An Euler path is a path that passes through every edge exactly once. If it ends at the initial vertex then it is an Euler cycle.
A Hamiltonian path is a path that passes through every vertex exactly once (NOT every edge). If it ends at the initial vertex then it is a Hamiltonian cycle.
In an Euler path you might pass through a vertex more than once.
In a Hamiltonian path you may not pass through all edges.
Graph Theory Definitions
(In descending order of generality)
Walk: a sequence of edges where the end of one edge marks the beginning of the next edge
Trail: a walk which does not repeat any edges. All trails are walks.
Path: a walk where each vertex is traversed at most once.
(paths used to refer to open walks, the definition has changed now) The property of traversing vertices at most once means that edges are also crossed at most once, hence all paths are trails.
Hamiltonian paths & Eulerian trails
Hamiltonian path: visits every vertex in the graph (exactly once, because it is a path)
Eulerian trail: visits every edge in the graph exactly once (because it is a trail, vertices may well be crossed more than once.)
Eulerian path must visit each edge exactly once, while Hamiltonian path must visit each vertex exactly once.
They are related but are neither dependent nor mutually exclusive. If a graph has an Eurler cycle, it may or may not also have a Hamiltonian cyle and vice versa.
Euler cycles visit every edge in the graph exactly once. If there are vertices in the graph with more than two edges, then by definition, the cycle will pass through those vertices more than once. As a result, vertices can be repeated but edges cannot.
Hamiltonian cycles visit every vertex in the graph exactly once (similar to the travelling salesman problem). As a result, neither edges nor vertices can be repeated.
I'll use a common example in biology; reconstructing a genome by making DNA samples.
De-novo assembly
To construct a genome from short reads, it's necessary to construct a graph of those reads. We do it by breaking the reads into k-mers and assemble them into a graph.
We can reconstruct the genome by visiting each node once as in the diagram. This is known as Hamiltonian path.

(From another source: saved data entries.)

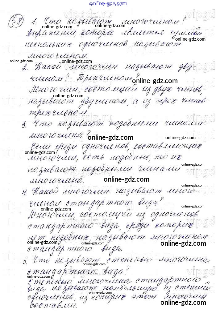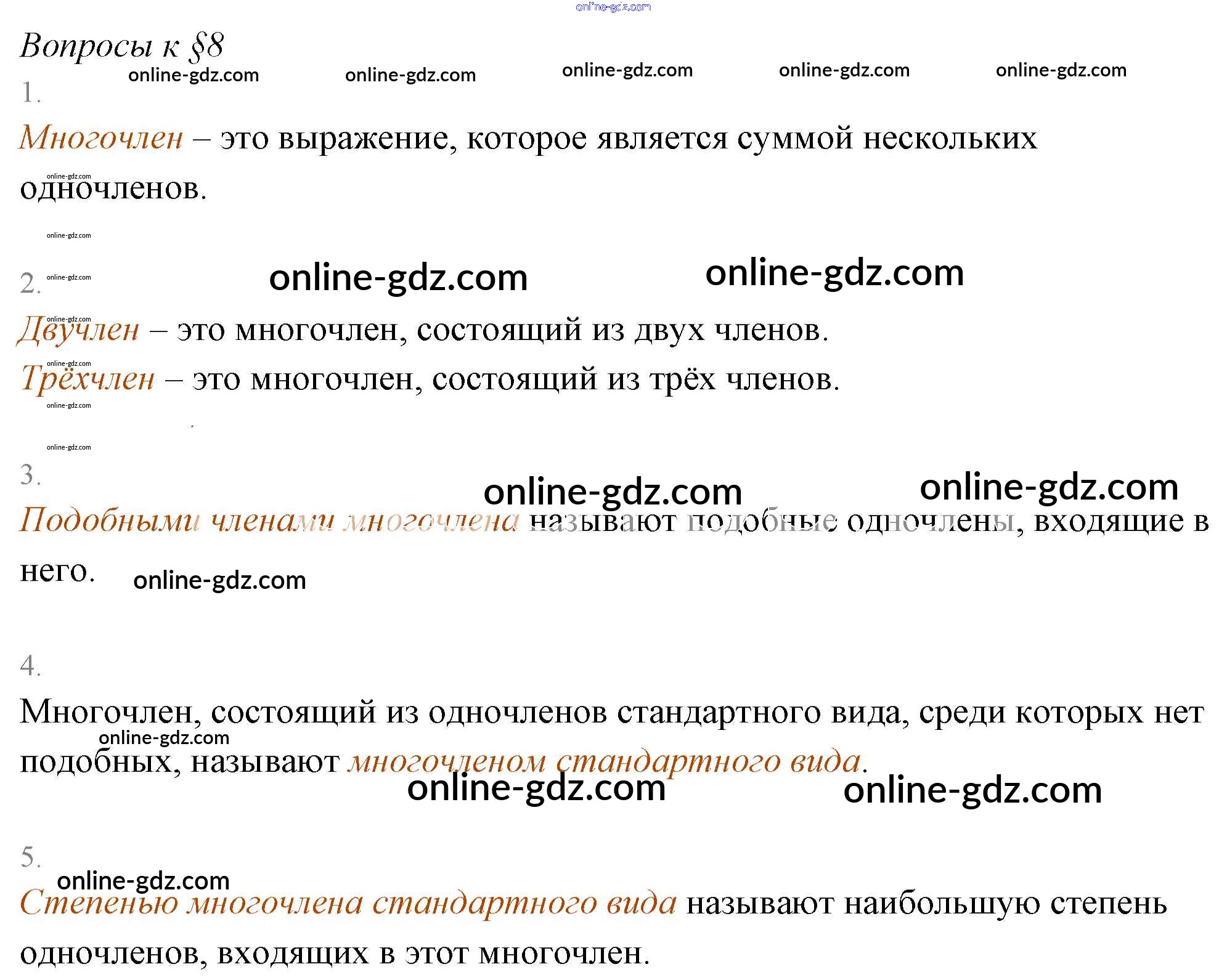 Готовые домашние задания по Алгебре за 7 класс Учебник Мерзляк, Полонский Алгоритм успеха Базовый уровень 2016 - Вопросы к параграфам 8
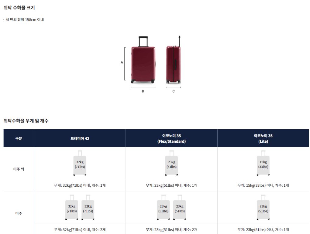 항공기 출발 48시간 전에 사전에 수하물을 미리 구매하면 개수 초과 기준, 미주 기준 4만원까지 절약이 가능합니다.
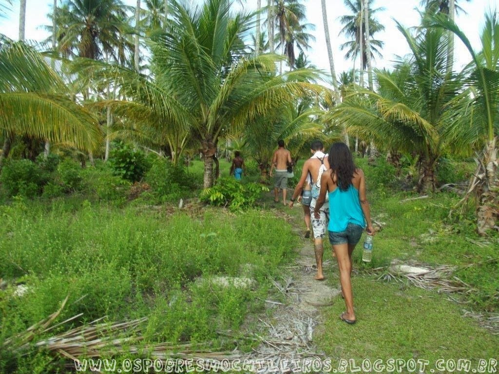 Saindo da Praia da Ponta dos Castelhanos caminhamos por uma grande trilha em uma imensa fazenda de plantação de coco. No meio do caminho encontramos um grupo de nativos que estavam colhendo capim para os cavalos e eles estavam cheio de mangas. Paramos e degustamos umas mangas, era fruta demais.
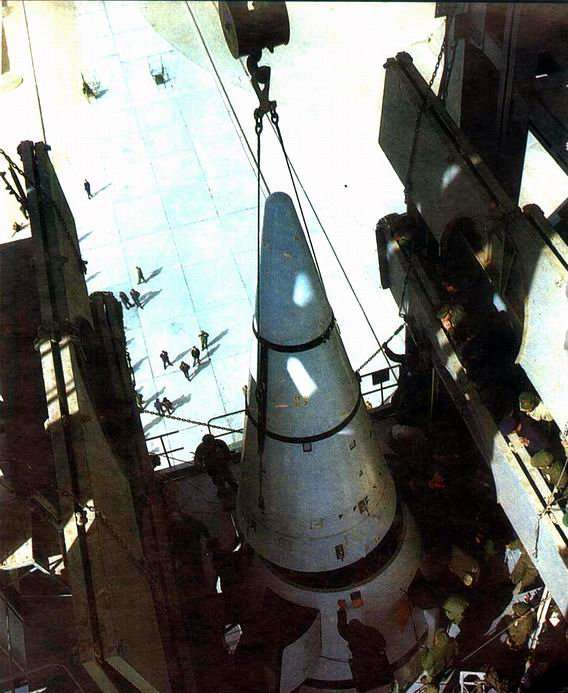 資料圖:解放軍二炮部隊(duì)東風(fēng)5洲際導(dǎo)彈吊裝模擬“核彈頭”。
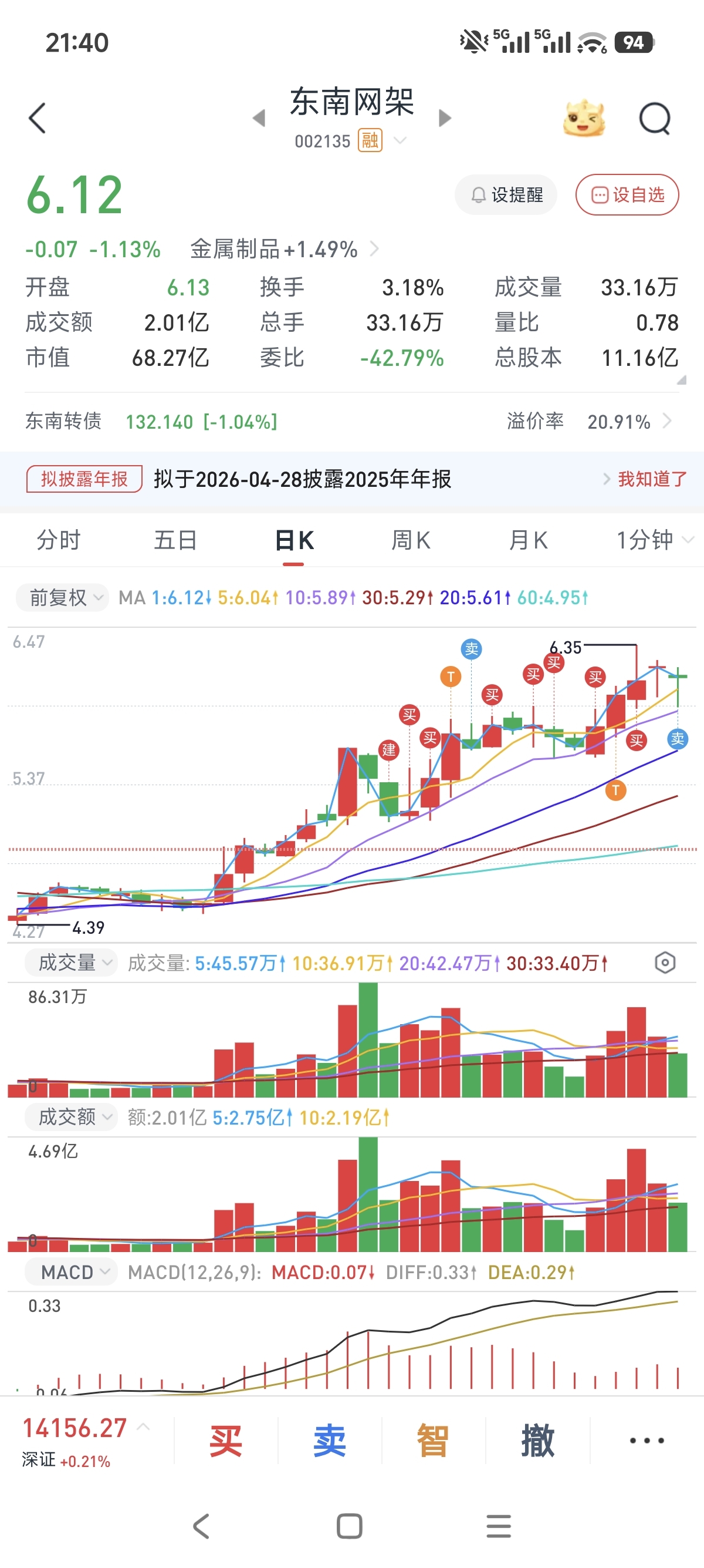 $东南网架(SZ002135)$ 留底仓,我先去农业玩几天就回来,
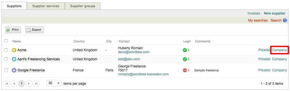 Then click on Company to the right of the supplier you want to use for configuring Translation Domains.
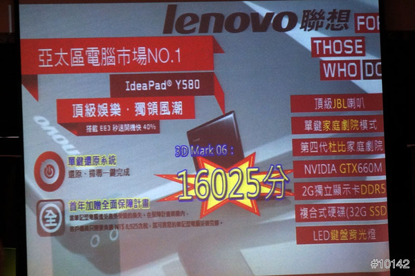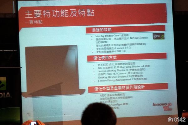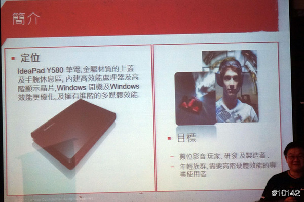 ▲緊接著就介紹今天的廠商聯想Lenovo產品;今天最主要的產品就是這台IdeaPad系列15.6吋筆電Y580

Unfortunately, constructing such path is NP-hard. It's not possible to derive an efficient algorithm for solving it. Instead, in bioinformatics we construct a Eulerian cycle where an edge represents an overlap.
A Hamiltonian path visits every node (or vertex) exactly once, and a Eulerian path traverses every edge exactly once.
Euler Path - An Euler path is a path in which each edge is traversed exactly once.
Hamiltonian Path - An Hamiltonian path is path in which each vertex is traversed exactly once.
If you have ever confusion remember E - Euler E - Edge.
An Euler path is a path that uses every edge of a
graph exactly once.and it must have exactly two odd vertices.the path starts and ends at different vertex. A Hamiltonian cycle is a cycle that contains every vertex of the graph hence you may not use all the edges of the graph.
Euler path is a graph using every edge(NOTE) of the graph exactly once. Euler circuit is a euler path that returns to it starting point after covering all edges.
While hamilton path is a graph that covers all vertex(NOTE) exactly once. When this path returns to its starting point than this path is called hamilton circuit.